__Material for the task__
*** Begin section ***

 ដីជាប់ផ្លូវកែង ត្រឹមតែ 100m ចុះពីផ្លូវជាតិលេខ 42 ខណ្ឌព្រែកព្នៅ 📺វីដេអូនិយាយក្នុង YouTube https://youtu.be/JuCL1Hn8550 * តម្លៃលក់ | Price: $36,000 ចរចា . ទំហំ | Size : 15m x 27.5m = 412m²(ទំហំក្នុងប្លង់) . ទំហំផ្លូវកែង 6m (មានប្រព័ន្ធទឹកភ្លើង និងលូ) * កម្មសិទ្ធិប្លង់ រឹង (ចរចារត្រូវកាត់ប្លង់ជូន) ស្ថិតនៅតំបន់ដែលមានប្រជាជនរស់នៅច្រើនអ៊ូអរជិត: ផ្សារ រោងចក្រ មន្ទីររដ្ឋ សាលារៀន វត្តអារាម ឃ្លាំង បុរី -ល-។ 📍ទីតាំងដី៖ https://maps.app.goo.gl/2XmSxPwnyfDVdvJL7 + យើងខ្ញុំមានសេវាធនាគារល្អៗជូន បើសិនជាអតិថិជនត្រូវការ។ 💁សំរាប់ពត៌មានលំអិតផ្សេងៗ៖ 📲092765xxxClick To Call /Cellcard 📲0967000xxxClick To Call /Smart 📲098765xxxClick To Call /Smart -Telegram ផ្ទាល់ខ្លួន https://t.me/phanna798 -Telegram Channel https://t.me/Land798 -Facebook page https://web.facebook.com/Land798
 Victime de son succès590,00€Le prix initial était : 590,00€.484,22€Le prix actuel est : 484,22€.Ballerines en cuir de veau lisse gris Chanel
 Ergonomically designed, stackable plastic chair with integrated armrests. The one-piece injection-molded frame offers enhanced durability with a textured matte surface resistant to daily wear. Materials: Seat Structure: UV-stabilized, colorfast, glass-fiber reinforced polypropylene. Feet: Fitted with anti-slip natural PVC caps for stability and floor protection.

*** End section ***
*** Begin section ***

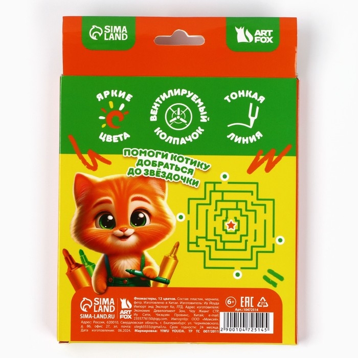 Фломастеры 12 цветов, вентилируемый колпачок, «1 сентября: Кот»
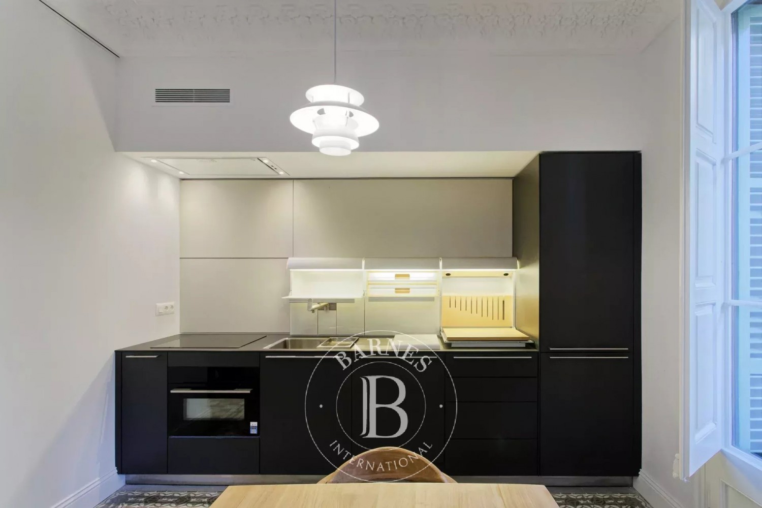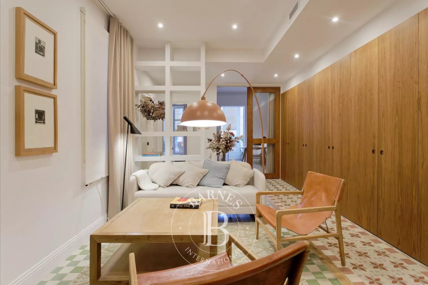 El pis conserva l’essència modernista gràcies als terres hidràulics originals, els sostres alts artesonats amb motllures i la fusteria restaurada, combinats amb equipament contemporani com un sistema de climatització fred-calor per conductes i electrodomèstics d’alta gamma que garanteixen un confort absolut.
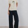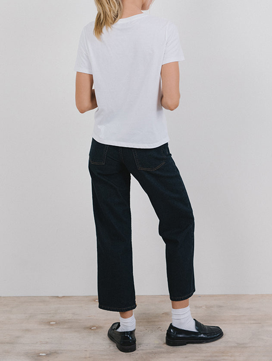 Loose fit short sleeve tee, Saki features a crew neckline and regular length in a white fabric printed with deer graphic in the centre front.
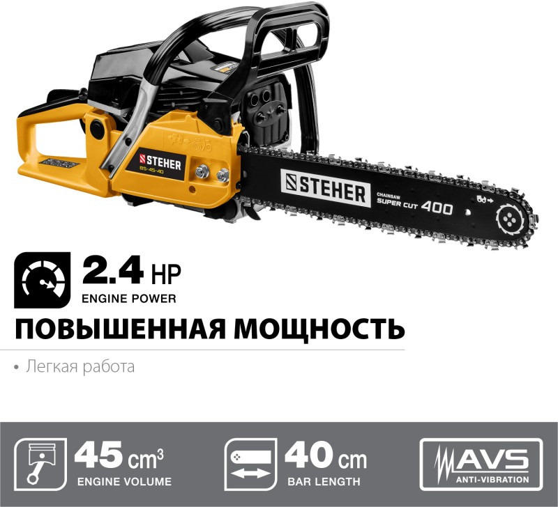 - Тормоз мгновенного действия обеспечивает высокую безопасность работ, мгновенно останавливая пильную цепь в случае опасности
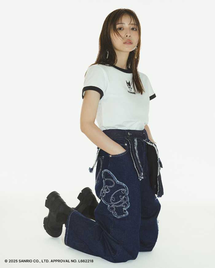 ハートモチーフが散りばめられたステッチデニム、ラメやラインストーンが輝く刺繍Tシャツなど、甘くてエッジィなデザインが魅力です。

*** End section ***

__Task details__
Could you write out, exactly as they stand, only the lines above that begin at the line with "Victime de son" and stop after the line with "Ergonomically designed, stackable"?

__Finished task__
 Victime de son succès590,00€Le prix initial était : 590,00€.484,22€Le prix actuel est : 484,22€.Ballerines en cuir de veau lisse gris Chanel
 Ergonomically designed, stackable plastic chair with integrated armrests. The one-piece injection-molded frame offers enhanced durability with a textured matte surface resistant to daily wear. Materials: Seat Structure: UV-stabilized, colorfast, glass-fiber reinforced polypropylene. Feet: Fitted with anti-slip natural PVC caps for stability and floor protection.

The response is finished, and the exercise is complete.